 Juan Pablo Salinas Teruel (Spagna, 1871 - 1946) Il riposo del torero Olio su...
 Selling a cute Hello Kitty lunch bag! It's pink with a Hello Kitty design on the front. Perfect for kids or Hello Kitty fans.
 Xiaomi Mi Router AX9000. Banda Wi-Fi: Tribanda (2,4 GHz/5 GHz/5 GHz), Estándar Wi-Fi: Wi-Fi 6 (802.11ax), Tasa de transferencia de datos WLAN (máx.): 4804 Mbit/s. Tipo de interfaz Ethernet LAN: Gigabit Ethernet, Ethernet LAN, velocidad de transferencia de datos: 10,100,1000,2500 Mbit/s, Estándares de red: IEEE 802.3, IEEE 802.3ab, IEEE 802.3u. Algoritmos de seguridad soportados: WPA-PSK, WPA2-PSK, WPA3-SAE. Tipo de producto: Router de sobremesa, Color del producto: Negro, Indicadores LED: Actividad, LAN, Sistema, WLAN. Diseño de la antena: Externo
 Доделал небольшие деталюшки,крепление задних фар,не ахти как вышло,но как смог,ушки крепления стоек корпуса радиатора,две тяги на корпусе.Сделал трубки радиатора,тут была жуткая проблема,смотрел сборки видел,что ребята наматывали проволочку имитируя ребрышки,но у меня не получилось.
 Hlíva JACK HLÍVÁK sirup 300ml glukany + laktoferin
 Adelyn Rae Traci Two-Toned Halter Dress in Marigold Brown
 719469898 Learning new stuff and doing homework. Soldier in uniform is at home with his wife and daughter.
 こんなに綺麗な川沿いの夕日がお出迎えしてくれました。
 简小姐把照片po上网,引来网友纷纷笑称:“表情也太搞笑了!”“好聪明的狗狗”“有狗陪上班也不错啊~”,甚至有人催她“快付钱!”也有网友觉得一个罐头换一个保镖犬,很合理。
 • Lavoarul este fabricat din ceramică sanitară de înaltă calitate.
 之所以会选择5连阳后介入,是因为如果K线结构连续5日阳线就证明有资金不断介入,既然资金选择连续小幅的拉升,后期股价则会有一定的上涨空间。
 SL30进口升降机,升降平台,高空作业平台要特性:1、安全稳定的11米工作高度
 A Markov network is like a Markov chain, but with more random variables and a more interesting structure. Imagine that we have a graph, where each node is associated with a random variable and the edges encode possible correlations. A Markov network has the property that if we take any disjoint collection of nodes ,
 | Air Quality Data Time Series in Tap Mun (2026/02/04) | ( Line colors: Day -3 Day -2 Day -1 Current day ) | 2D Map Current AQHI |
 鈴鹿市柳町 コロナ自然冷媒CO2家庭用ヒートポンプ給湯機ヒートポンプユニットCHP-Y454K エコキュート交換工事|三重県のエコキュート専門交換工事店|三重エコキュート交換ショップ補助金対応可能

TASK INSTRUCTIONS = Search the material above for lines containing the string "with", then pull them out.

EXERCISE OUTPUT =
 Selling a cute Hello Kitty lunch bag! It's pink with a Hello Kitty design on the front. Perfect for kids or Hello Kitty fans.
 719469898 Learning new stuff and doing homework. Soldier in uniform is at home with his wife and daughter.
 A Markov network is like a Markov chain, but with more random variables and a more interesting structure. Imagine that we have a graph, where each node is associated with a random variable and the edges encode possible correlations. A Markov network has the property that if we take any disjoint collection of nodes ,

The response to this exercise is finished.